Repeat all of the data word for word so that only the pictures are missing from the copy.

(Records drawn from a dataset)

*** Block opens ***

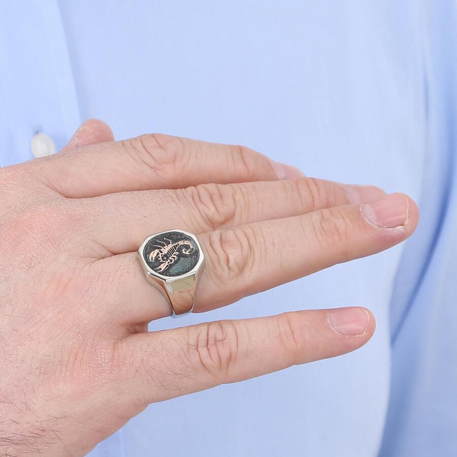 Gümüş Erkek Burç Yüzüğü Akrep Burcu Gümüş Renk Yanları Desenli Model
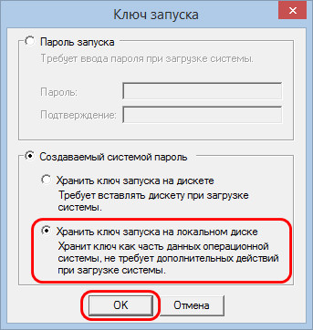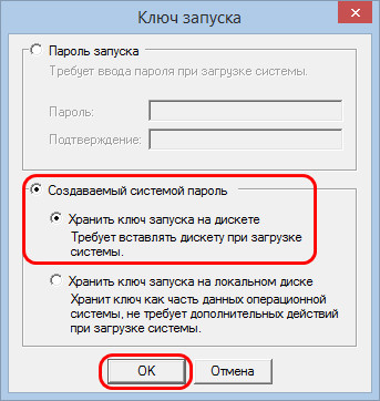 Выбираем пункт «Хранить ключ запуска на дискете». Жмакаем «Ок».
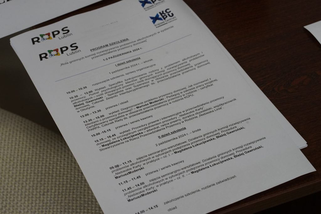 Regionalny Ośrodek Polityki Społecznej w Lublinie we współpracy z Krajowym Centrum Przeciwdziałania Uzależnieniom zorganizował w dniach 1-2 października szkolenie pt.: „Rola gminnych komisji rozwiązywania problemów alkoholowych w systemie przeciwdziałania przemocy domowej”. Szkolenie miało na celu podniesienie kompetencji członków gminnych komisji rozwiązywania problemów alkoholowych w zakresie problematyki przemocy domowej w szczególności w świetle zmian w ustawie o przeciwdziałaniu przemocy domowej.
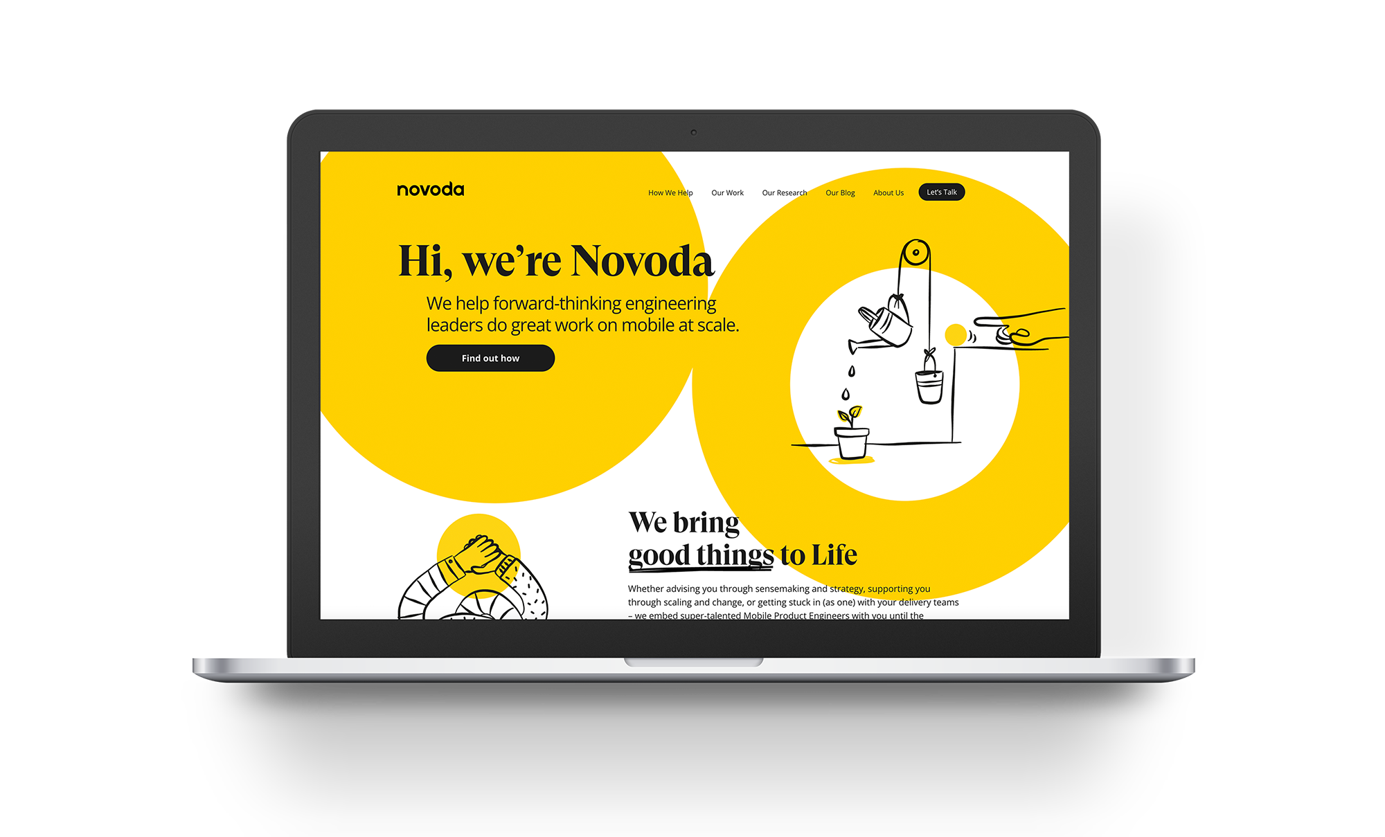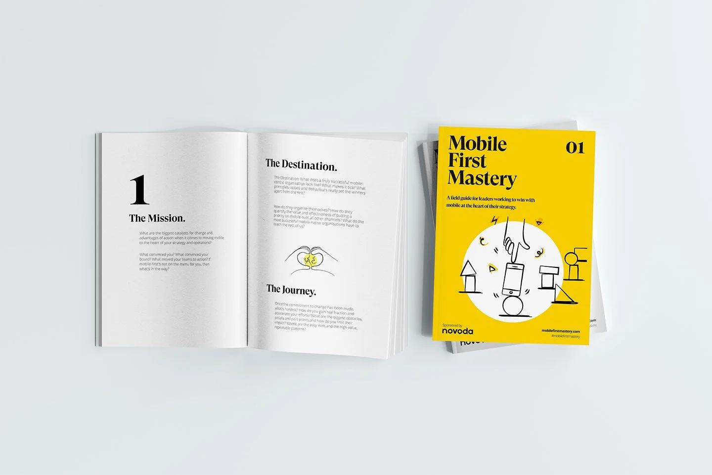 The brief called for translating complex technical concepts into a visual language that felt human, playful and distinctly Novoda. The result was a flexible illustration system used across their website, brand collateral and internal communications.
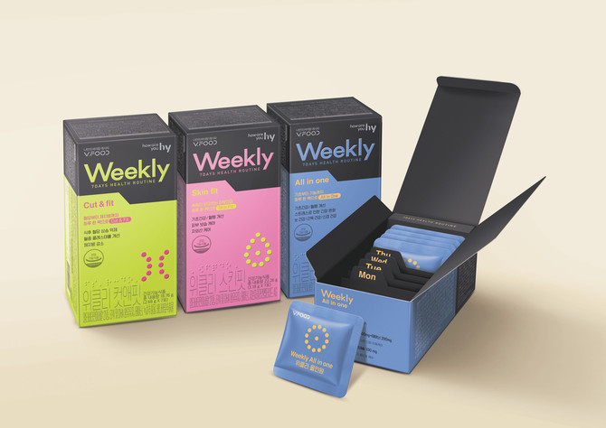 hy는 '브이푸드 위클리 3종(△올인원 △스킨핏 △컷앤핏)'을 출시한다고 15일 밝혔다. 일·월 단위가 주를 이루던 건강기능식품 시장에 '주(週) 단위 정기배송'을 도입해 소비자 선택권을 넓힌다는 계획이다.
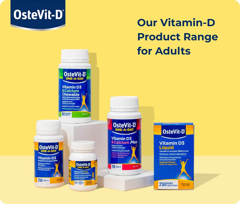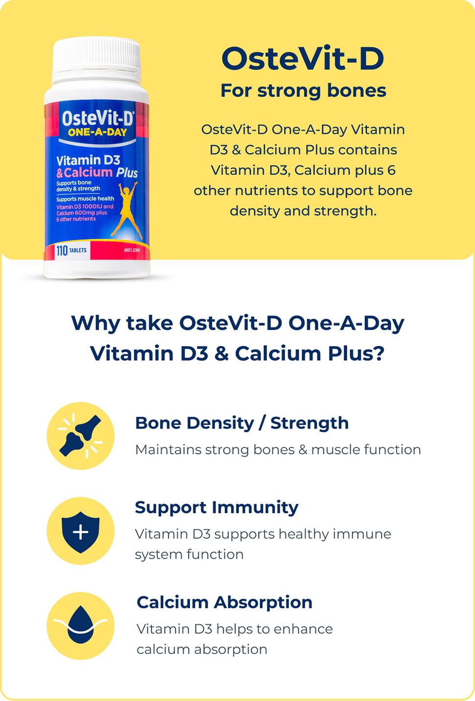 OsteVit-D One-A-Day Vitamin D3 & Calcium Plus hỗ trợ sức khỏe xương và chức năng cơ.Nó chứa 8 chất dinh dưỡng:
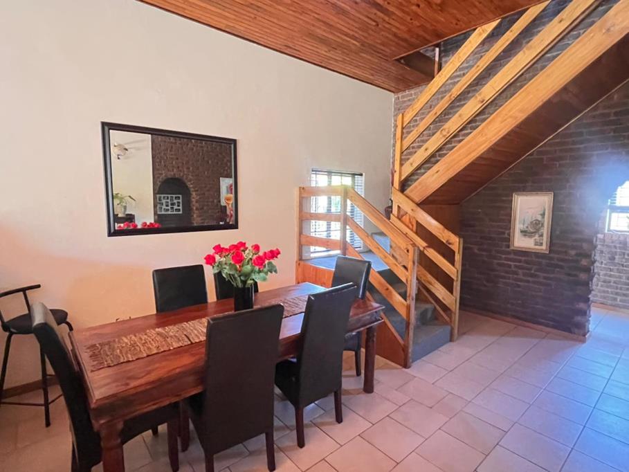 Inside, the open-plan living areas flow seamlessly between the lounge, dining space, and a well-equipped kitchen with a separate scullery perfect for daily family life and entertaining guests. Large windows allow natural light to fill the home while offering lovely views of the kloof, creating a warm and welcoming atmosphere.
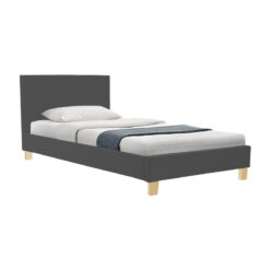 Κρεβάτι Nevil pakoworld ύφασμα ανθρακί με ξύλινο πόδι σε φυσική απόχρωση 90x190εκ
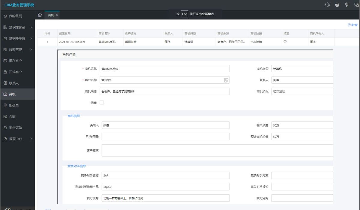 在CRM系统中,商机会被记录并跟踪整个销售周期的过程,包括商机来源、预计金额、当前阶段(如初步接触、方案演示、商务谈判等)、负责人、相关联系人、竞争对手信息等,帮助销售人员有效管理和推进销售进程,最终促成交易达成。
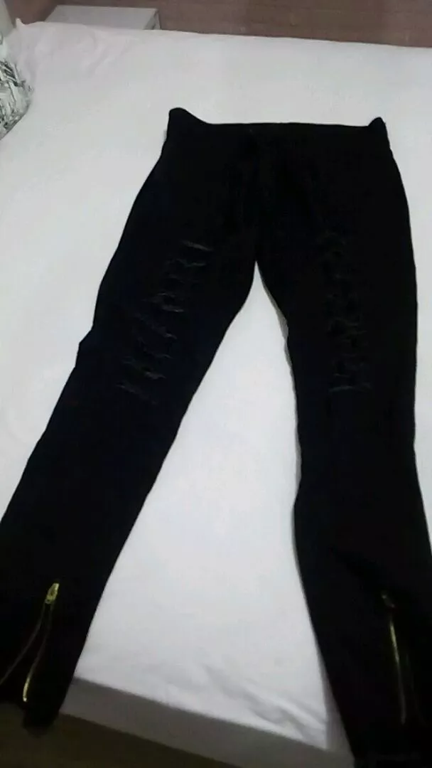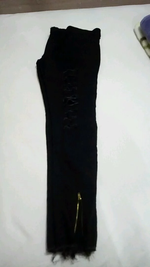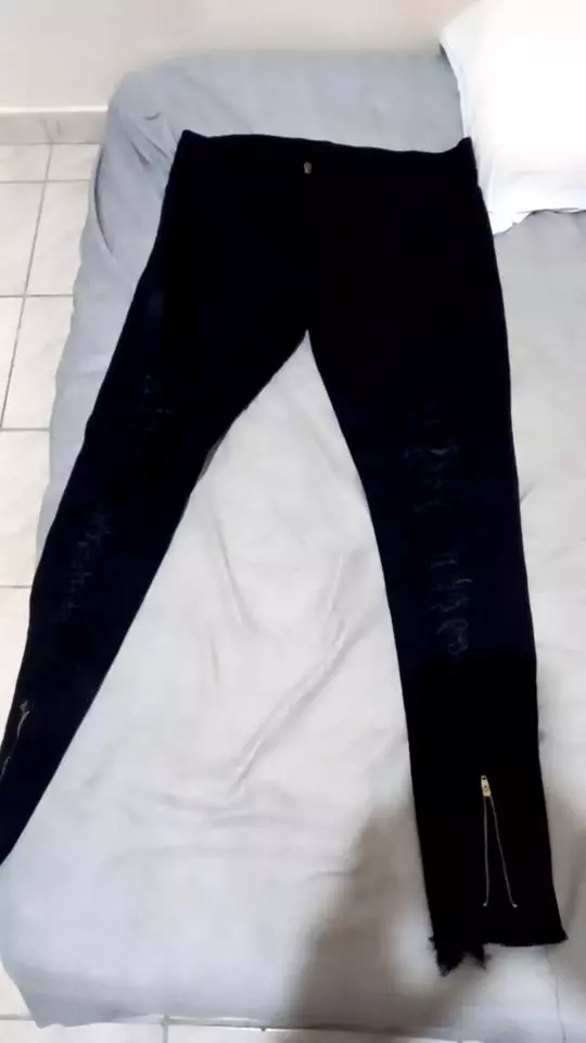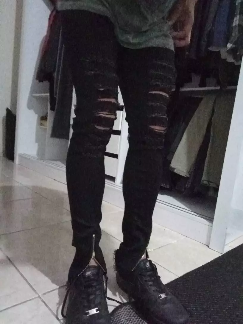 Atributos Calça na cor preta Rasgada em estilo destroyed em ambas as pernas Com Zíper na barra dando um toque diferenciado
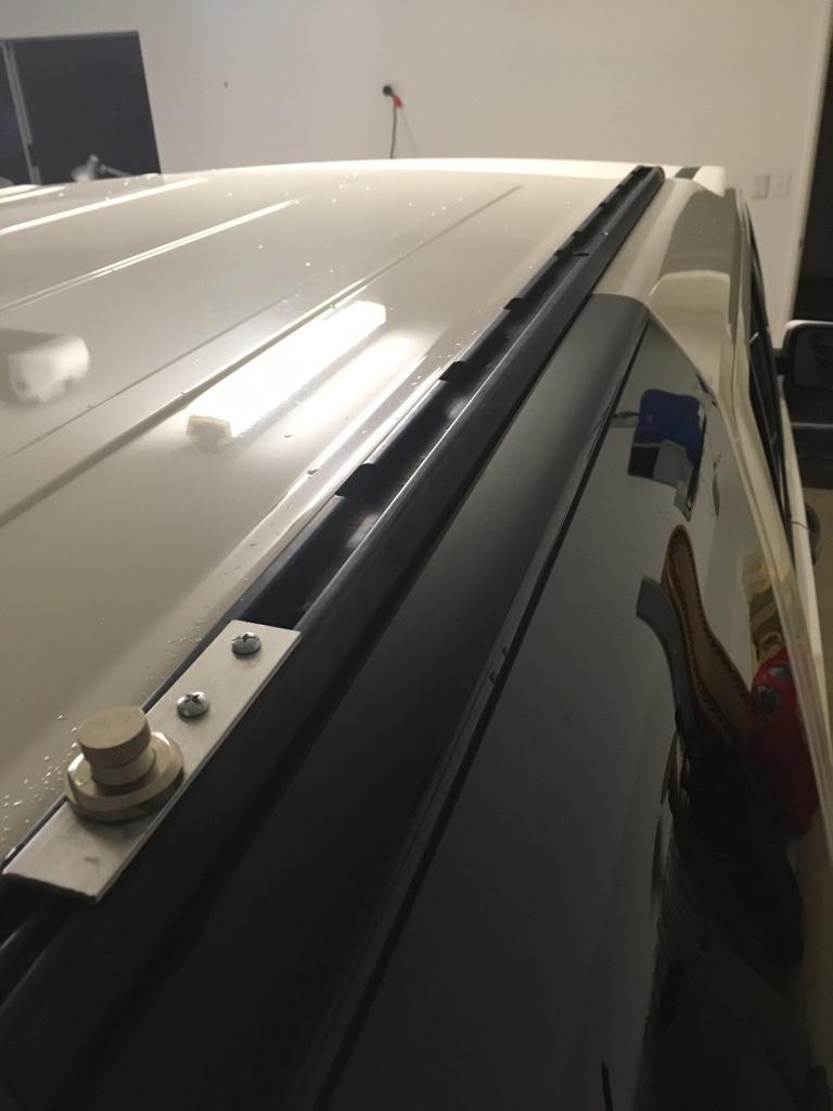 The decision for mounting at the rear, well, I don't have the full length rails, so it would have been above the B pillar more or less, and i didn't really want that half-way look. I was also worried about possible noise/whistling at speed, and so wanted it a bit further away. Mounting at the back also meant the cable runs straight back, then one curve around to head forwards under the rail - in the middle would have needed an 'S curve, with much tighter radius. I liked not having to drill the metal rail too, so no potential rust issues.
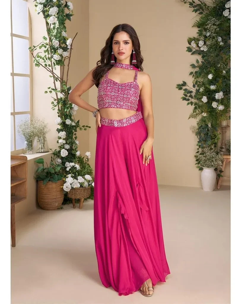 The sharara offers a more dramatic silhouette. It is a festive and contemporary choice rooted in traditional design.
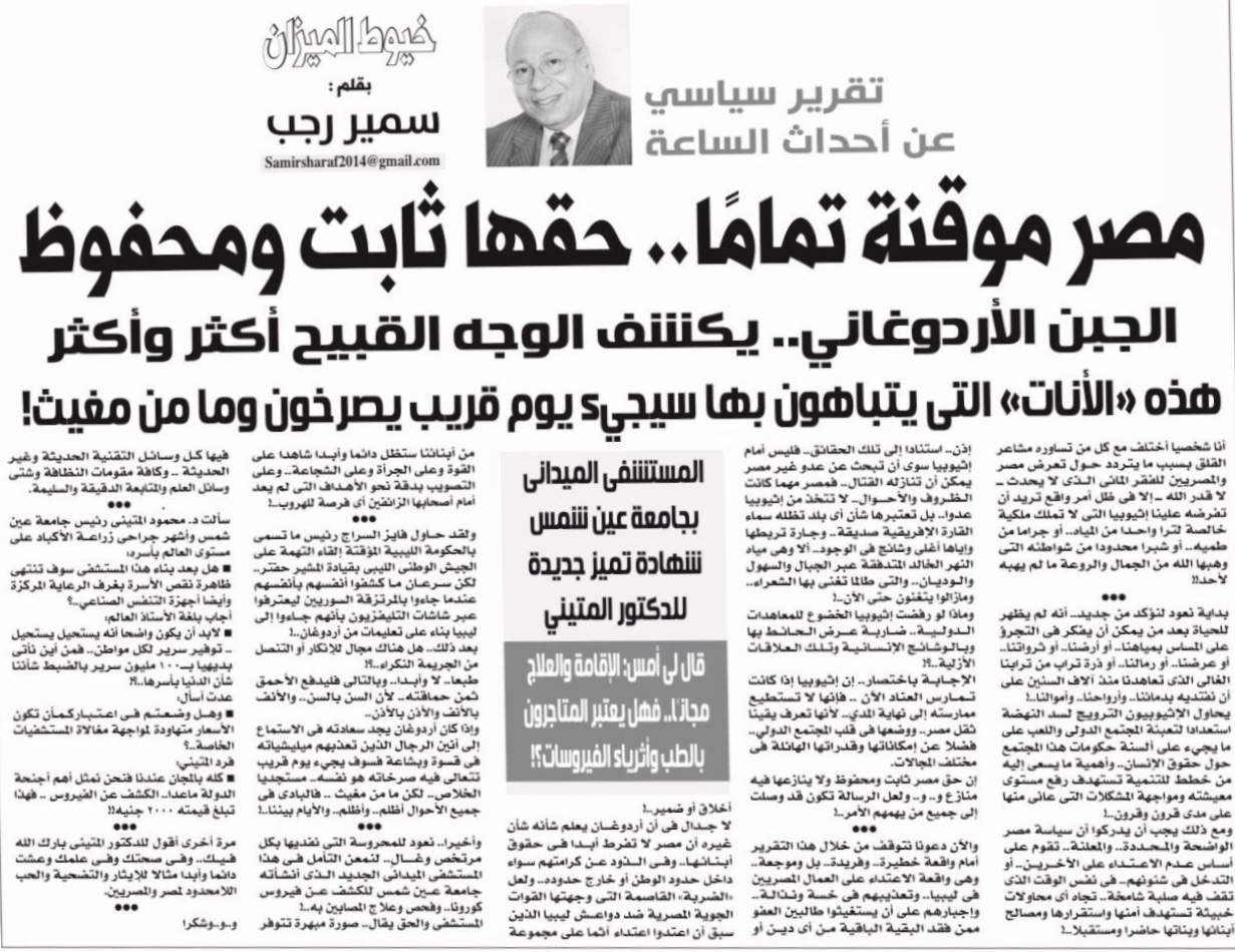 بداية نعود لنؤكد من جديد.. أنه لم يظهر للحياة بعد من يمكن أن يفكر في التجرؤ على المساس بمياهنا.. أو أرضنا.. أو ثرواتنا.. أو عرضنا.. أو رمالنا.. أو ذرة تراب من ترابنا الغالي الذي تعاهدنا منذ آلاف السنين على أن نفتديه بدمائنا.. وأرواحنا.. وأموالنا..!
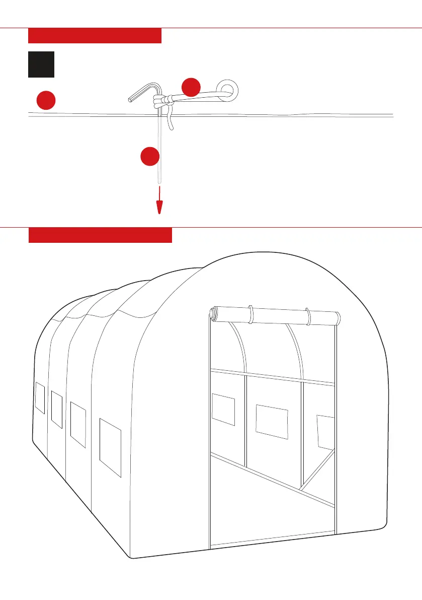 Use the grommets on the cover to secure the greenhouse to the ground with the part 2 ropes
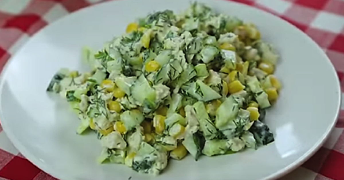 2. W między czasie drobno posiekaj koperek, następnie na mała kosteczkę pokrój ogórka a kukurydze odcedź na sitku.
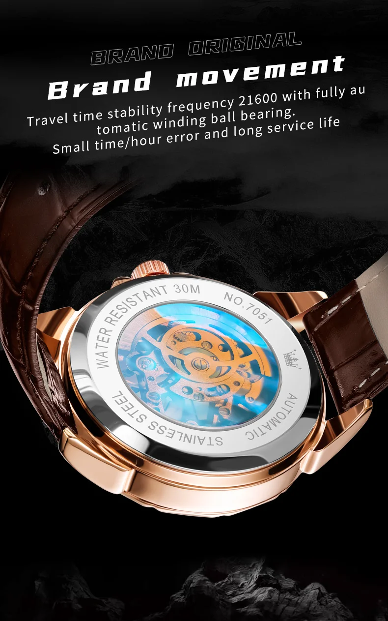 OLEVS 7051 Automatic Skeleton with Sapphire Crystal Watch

*** Block closes ***

__Answer for this exercise__.
 Gümüş Erkek Burç Yüzüğü Akrep Burcu Gümüş Renk Yanları Desenli Model
 Выбираем пункт «Хранить ключ запуска на дискете». Жмакаем «Ок».
 Regionalny Ośrodek Polityki Społecznej w Lublinie we współpracy z Krajowym Centrum Przeciwdziałania Uzależnieniom zorganizował w dniach 1-2 października szkolenie pt.: „Rola gminnych komisji rozwiązywania problemów alkoholowych w systemie przeciwdziałania przemocy domowej”. Szkolenie miało na celu podniesienie kompetencji członków gminnych komisji rozwiązywania problemów alkoholowych w zakresie problematyki przemocy domowej w szczególności w świetle zmian w ustawie o przeciwdziałaniu przemocy domowej.
 The brief called for translating complex technical concepts into a visual language that felt human, playful and distinctly Novoda. The result was a flexible illustration system used across their website, brand collateral and internal communications.
 hy는 '브이푸드 위클리 3종(△올인원 △스킨핏 △컷앤핏)'을 출시한다고 15일 밝혔다. 일·월 단위가 주를 이루던 건강기능식품 시장에 '주(週) 단위 정기배송'을 도입해 소비자 선택권을 넓힌다는 계획이다.
 OsteVit-D One-A-Day Vitamin D3 & Calcium Plus hỗ trợ sức khỏe xương và chức năng cơ.Nó chứa 8 chất dinh dưỡng:
 Inside, the open-plan living areas flow seamlessly between the lounge, dining space, and a well-equipped kitchen with a separate scullery perfect for daily family life and entertaining guests. Large windows allow natural light to fill the home while offering lovely views of the kloof, creating a warm and welcoming atmosphere.
 Κρεβάτι Nevil pakoworld ύφασμα ανθρακί με ξύλινο πόδι σε φυσική απόχρωση 90x190εκ
 在CRM系统中,商机会被记录并跟踪整个销售周期的过程,包括商机来源、预计金额、当前阶段(如初步接触、方案演示、商务谈判等)、负责人、相关联系人、竞争对手信息等,帮助销售人员有效管理和推进销售进程,最终促成交易达成。
 Atributos Calça na cor preta Rasgada em estilo destroyed em ambas as pernas Com Zíper na barra dando um toque diferenciado
 The decision for mounting at the rear, well, I don't have the full length rails, so it would have been above the B pillar more or less, and i didn't really want that half-way look. I was also worried about possible noise/whistling at speed, and so wanted it a bit further away. Mounting at the back also meant the cable runs straight back, then one curve around to head forwards under the rail - in the middle would have needed an 'S curve, with much tighter radius. I liked not having to drill the metal rail too, so no potential rust issues.
 The sharara offers a more dramatic silhouette. It is a festive and contemporary choice rooted in traditional design.
 بداية نعود لنؤكد من جديد.. أنه لم يظهر للحياة بعد من يمكن أن يفكر في التجرؤ على المساس بمياهنا.. أو أرضنا.. أو ثرواتنا.. أو عرضنا.. أو رمالنا.. أو ذرة تراب من ترابنا الغالي الذي تعاهدنا منذ آلاف السنين على أن نفتديه بدمائنا.. وأرواحنا.. وأموالنا..!
 Use the grommets on the cover to secure the greenhouse to the ground with the part 2 ropes
 2. W między czasie drobno posiekaj koperek, następnie na mała kosteczkę pokrój ogórka a kukurydze odcedź na sitku.
 OLEVS 7051 Automatic Skeleton with Sapphire Crystal Watch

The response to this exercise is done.